Los derechos de los abuelos

El 26 de agosto se recuerda en Bolivia El Día de las personas de la tercera edad instituido por Decreto Supremo N° 1421 del 17 de diciembre de 1948, emitido por el presidente Enrique Hertzog Garaizabal y se encuentra ratificado como Día de la Dignidad de las Personas Adultas Mayores en todo el Estado Plurinacional de acuerdo a la Ley 369, del 1 de mayo de 2013. En el plano internacional las Naciones Unidas, en 1992 definió los principios más importantes a favor de las personas mayores, como tener independencia, participación, cuidados, autorrealización y dignidad de una vida plena.

En Bolivia, pese a existir diferentes normas que establecen atención preferencial a las personas mayores en salud, jubilación, atención en servicios y otros, en la realidad nada se cumple, se discrimina a los mayores en empleo, los transportistas los abusan y pocas instituciones cumplen las normas. No hay registros de que un transgresor a estas normas hubiese sido sancionado.

Precisamente el pasado fin de semana, los Adultos mayores, representantes de los nueve departamentos de Bolivia, recorrieron las principales calles de la ciudad de La Paz para exigir respeto a sus derechos en cuanto a la atención preferencial en hospitales y en los servicios de transporte público. La actividad fue organizada en el marco del séptimo encuentro nacional del sector.

El presidente de la Asociación Nacional de Adultos Mayores de Bolivia (Anambo), Freddy Gutiérrez denunció que en los hospitales hacen madrugar a las personas mayores para sacar ficha de atención, y el trato que se brinda es discriminatorio y torpe. También dijo que la discriminación es notoria en los servicios de trasporte, en los que, según la Ley General de las Personas Adultas Mayores, deben tener tarifas preferenciales, pero, los choferes no cumplen con la disposición y otros prefieren pasar de largo para evitar recogerlos en sus vehículos.

Más de un millón de personas con más de 60 años de edad en nuestro país requieren que se cumplan las normas de protección. Pese a las recomendaciones y determinaciones que la Organización de Naciones Unidas, en muchos países como el nuestro, son más las buenas intenciones que una eficiente aplicación de las medidas dirigidas a proteger a los ancianos.

La ONU en varias oportunidades ha exhortado a que las sociedades deben aprovechar el talento y la contribución de esta generación para el logro de la Agenda 2030. La ONU señala que la composición de la población mundial ha cambiado de manera espectacular en los últimos decenios. En la actualidad, casi 700 millones de personas son mayores de 60 años. Para 2050, las personas de 60 años o más serán 2.000 millones, esto es, más del 20% de la población mundial.

La discriminación por envejecimiento y en ocasiones el abandono y maltrato a las personas mayores es una actitud frecuente y perjudicial.

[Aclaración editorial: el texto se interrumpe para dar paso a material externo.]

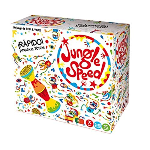 Jungle Speed es el juego de mesa ideal en prácticamente cualquier momento, cualquier lugar y con cualquier grupo de amigos. Su sencillez de reglas lo hace apto para todas las edades. En tan solo un par de minutos se le puede explicar las reglas a un grupo de gente y empezar a jugar de inmediato, no requiere largas explicaciones que pueden hacer que la gente se aburra antes de empezar la partida. El único problema que encontrarán los jugadores nóveles es que, en caso de jugar con gente experta en el juego, tal vez necesite 4 o 5 partidas para empezar a jugar al mismo nivel, ya que la mente debe acostumbrarse a identificar las cartas de un simple vistazo. ¡Pero esto tampoco es ningún problema! Las partidas duran apenas unos minutos y el juego es tan adictivo que no querrán dejarlo. El juego consiste en unas cartas con dibujos variados que los jugadores van sacando por turnos y el objetivo es quedarse sin cartas. Si el dibujo de dos jugadores coincide, deben coger el Tótem, un palo de madera incluido en el juego, que se encontrará en el centro de la mesa. El más rápido le dará su mazo de cartas jugadas al jugador más lento y para complicarlo un poco, también encontraremos una serie de cartas especiales que crearán situaciones que harán variar las reglas. Pese a su corta duración, este juego de mesa no se vuelve un juego aburrido, ya que su punto fuerte está en que es un juego en el que los reflejos y la rapidez mental para identificar las cartas crea una especie de subida de adrenalina que engancha al grupo de jugadores y podrán pasarse horas jugando sin parar. No es el típico juego que juegas un par de partidas y lo guardas en un cajón durante semanas, podrás jugarlo habitualmente, de hecho, la dificultad radica en ¡poder dejar de jugarlo! Siempre quieres una partida más antes de guardarlo. Ideal para niños, si son muy jóvenes pueden quitarse las cartas especiales o las cartas más similares entre sí para simplificarlo.
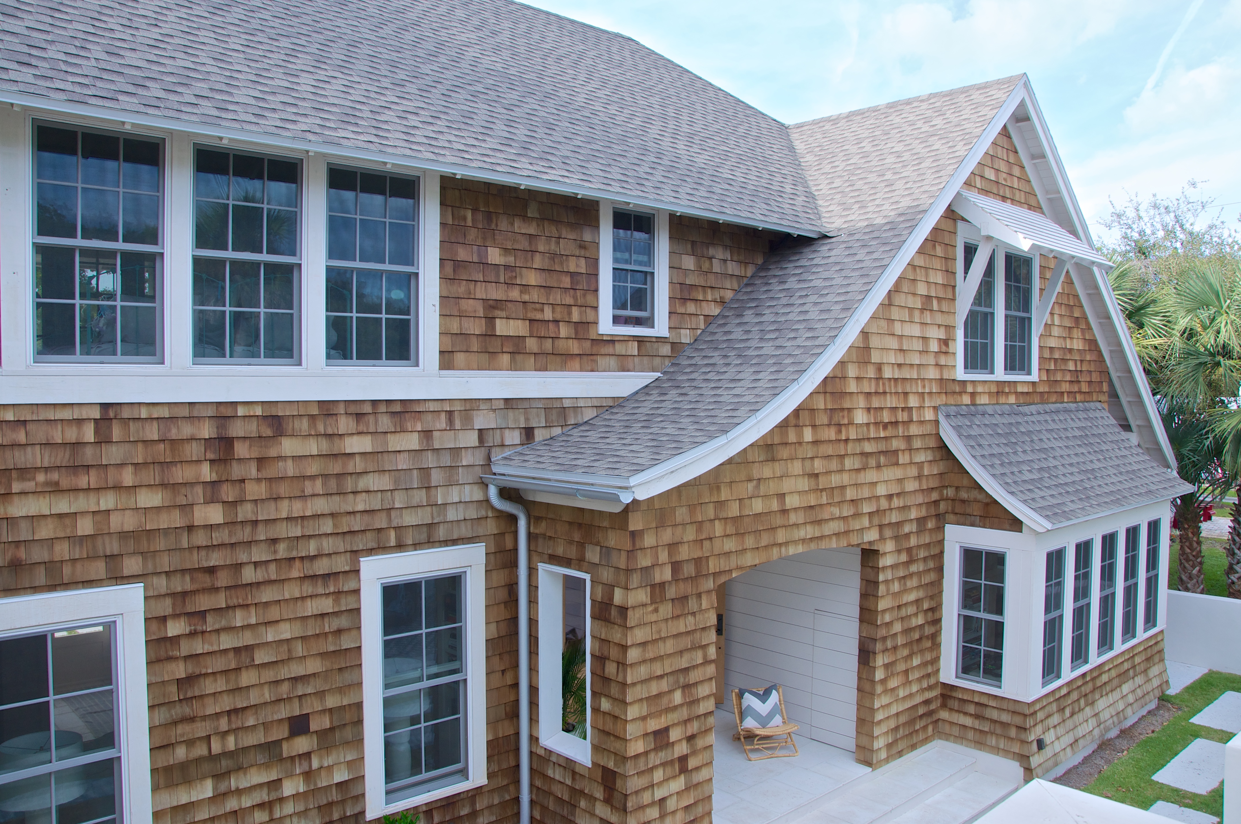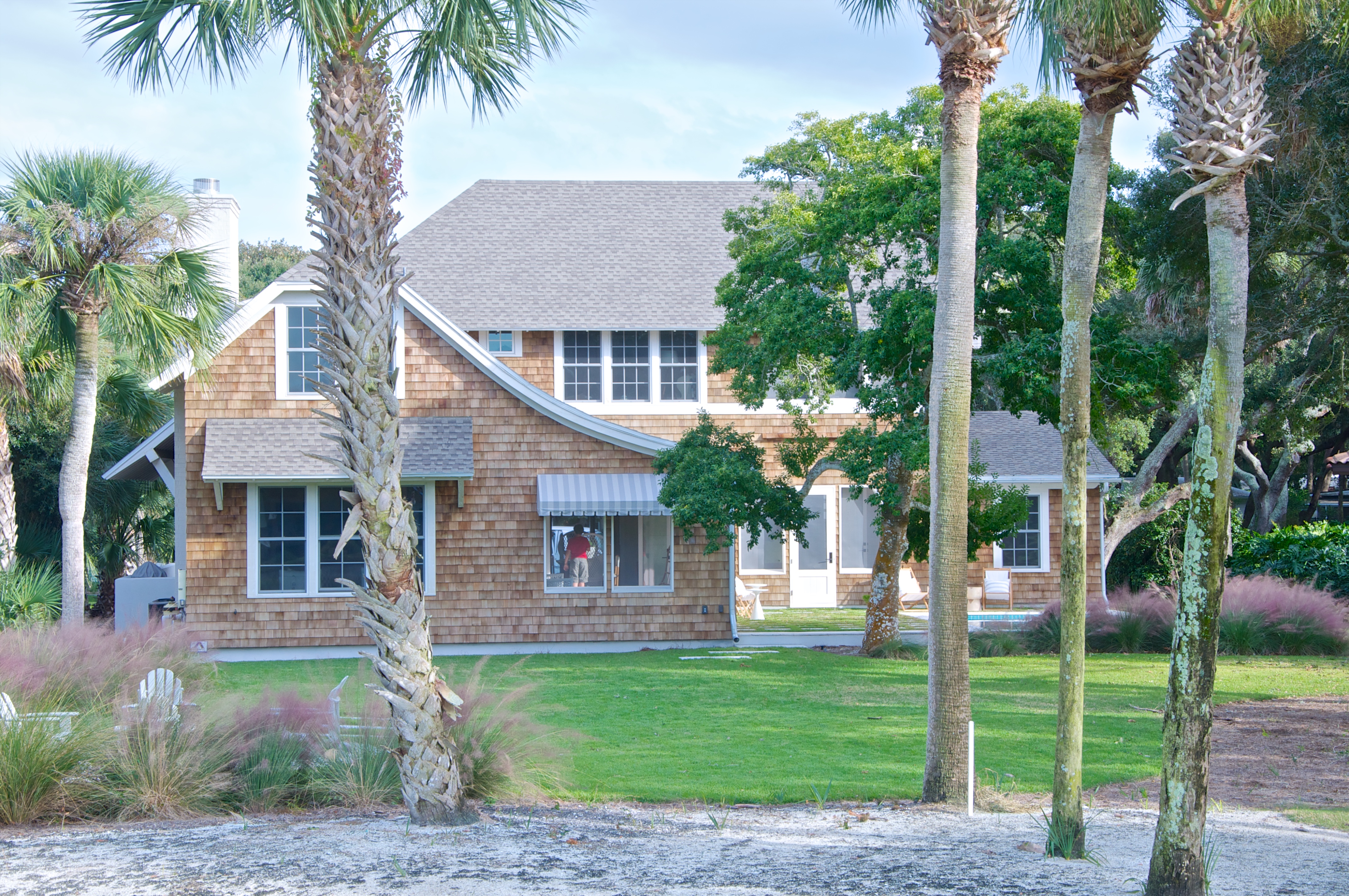 The cedar shingle home’s design is based on a traditional Atlantic seaboard style. Shingles allow one to create curves, which Sanford did—with a dramatic asymmetrical swoosh from the gable to over the front door. The counter-weight drop covers a grilling area and an outdoor shower. It is an indoor-outdoor house, with shiplap, lots of porches, a neutral palette and breathable, mostly wood finishes, impervious to humidity and Floridian temperatures.

Esta marginación es una realidad en la mayor parte de las sociedades, de una forma u otra, y se materializa en las actitudes de los individuos, las prácticas institucionales y normativas, y la representación mediática. Todas ellas devalúan y excluyen a las personas mayores.

Tales formas de discriminación, de cómo las personas de edad son tratadas y percibidas por sus sociedades, incluso en los ambientes médicos y centros de trabajo, crean entornos que limitan su potencial y afectan a su salud y bienestar. El fracaso para hacer frente a la exclusión a las generaciones anteriores socava los derechos de las personas mayores y dificulta su contribución a la vida social, económica, cultural y política.

Cuando la ONU estableció el Día del Adulto Mayor, se decía que el mundo entero saldrá beneficiado si se aprovecha su potencial y su experiencia. Lamentablemente, lejos de cumplirse ese objetivo, ha crecido la discriminación por edad, como una de las peores formas de segregación, especialmente al derecho al trabajo. En Bolivia la discriminación por edad está derivando en actos delictivos, que van desde malos tratos familiares, abusos en asilos, trabas para conceder autorizaciones para conducir, “depuración” en el padrón electoral, límites de edad para contratar profesionales y otras formas ominosas de exclusión.